Hasn't Goldstein noticed that our entire society has become a collective group of victims? Women are no more likely to duck responsibility for their actions than men. So poor Mike comes forward with his "I'm the victim" story, using his real name. He apparently wants us to feel sorry for the raw deal he got. But his actions show he behaved like a cad, just like Sarah did. If there was ever a couple who deserved each other, they were it. Too bad they didn't keep their tacky little affair (and I certainly don't call it "rape") a secret. But again, that's not the present way of doing things. Now everyone tells the world everything.

Sarah and Mike shouldn't have climbed into bed with each other. Mike shouldn't have taken advantage of the situation. Sarah shouldn't have cried "rape," and she should have used her real name for the story. CSU shouldn't have expelled Mike. Looks like everyone involved did things they shouldn't have. Why this is feminism's fault is a mystery to me.

By the way, Marty, Margaret Thatcher is not my idea of a great feminist. She played a traditional old boys' game with traditional old boys. How about Gloria Steinem, who stuck her neck out in a courageous "let's-make-new-rules-that-include-women" way?
Carol Carpenter

On the Move

School for scandal: I just wanted to congratulate Alan Prendergast for his fine work on Columbine, especially his "I'm Full of Hate" story in the December 6 issue. Judging from the letters that followed that article's publication, some people think it's time to stop talking about Columbine, to move on.

To do so, however, would be to ignore the lessons that could teach us how to avoid such horrors in the future. And the dead would have died in vain.
Julianna Hill
via the Internet

Waiting for justice: I read Sue Cole's letter about Columbine in the December 13 issue. She is so misinformed and uninformed about my family and my son that no response to her comments is necessary.

I do, however, take exception to her suggestion that we all "move on." It is unlikely that you would move on if your child had been wounded or murdered at Columbine, and you then discovered that the police had lied to you and that the governor, the judges and every other person in power refused to help you find out the truth.

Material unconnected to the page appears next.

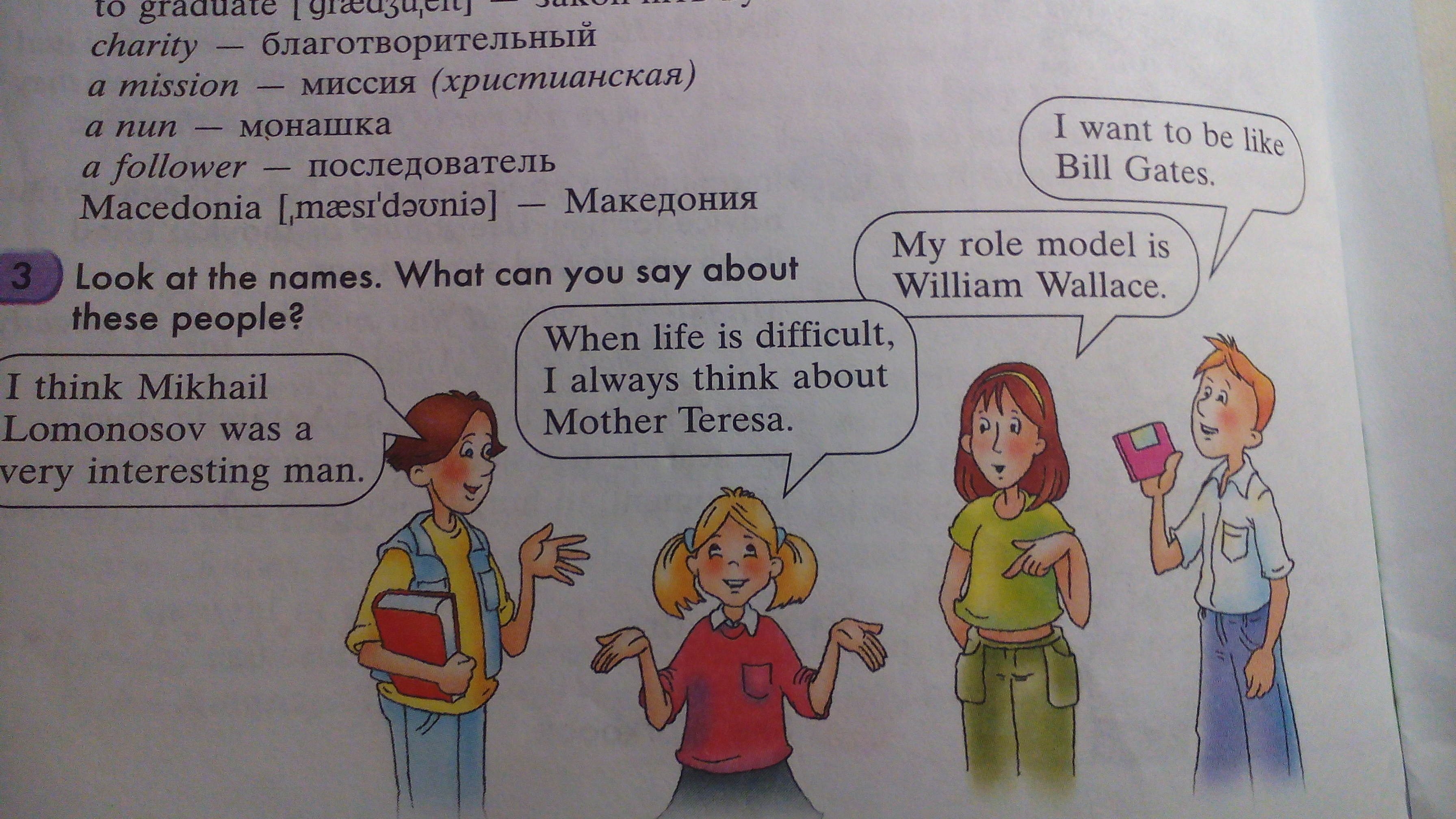 All these names belong, or once belonged, to famous people, who have, to some extent, shaped the world we know today. For example, Mikhail Lomonosov was a famous Russian polymath, scientist, and writer, who made important contributions to literature, education, and science. Mother Theresa was a nun and missionary and is considered one of the greatest humanitarians in the 20th century. Sir William Wallace was a Scottish knight. And, of course, Bill Gates is an American business magnate, investor, author, and philanthropist. All these people set a good example, so that is why the children look up to them as their role models and inspiration.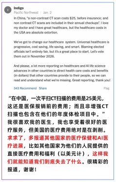 报道提到,该项“平扫CT+AI”的胰腺癌筛查费用仅需25美元,这更令美国网友震撼,纷纷吐槽起美国糟糕的医疗保障体系。在美国,一项普通的平扫CT高达数百美元,有人调侃,在美国医院,25美元只够付停车费。

Perhaps you are willing to live in a world where the sheriff, John Stone, lies to you and withholds information. Perhaps you are willing to live in a world where the victims of the Columbine tragedy are denied legal discovery and their day in court to discover the truth. Perhaps you are willing to live in a world where policemen are allowed to stand outside of a school where children are being murdered while they, our protectors, listen and do nothing to intervene. Perhaps you are willing to live in a world where our corrupt politicians, judges and court system do nothing. Perhaps you are willing to live in such a world, but I am not.

How weak is our society, how corrupt is our moral standard when we do not even demand that the police must protect our children and that they must be held accountable when they fail? Lower standards than that for the government of a civilized society do not exist.

If you won't take a stand to protect the innocent children, where will you take a stand?

It is time for you to get involved. Write your congressman and the governor. Demand and implement changes in the laws. Demand and obtain justice for the victims and their families. Then you can move on, not before.
Randy Brown

Sealed With a Kiss

Brush up your Shakespeare: Just one question: When did Juliet Wittman see Kiss Me, Kate? ("Porter Done to Order," December 27). You see, if it was the first week of the Denver run (first four shows), then it was not Chuck Wagner she heard opposite Rachel York, but understudy Michael Lackey (me), who is also Rex Smith's understudy. Mr. Wagner was on vacation. Since December 29 is the first day he's been back when Ms. York was not out sick, I believe I should thank Westword for the flattering review...of me.

Thank you so much.
Michael Lackey
via the Internet

Juliet Wittman replies: You're welcome, and my apologies for missing the opening-night substitution.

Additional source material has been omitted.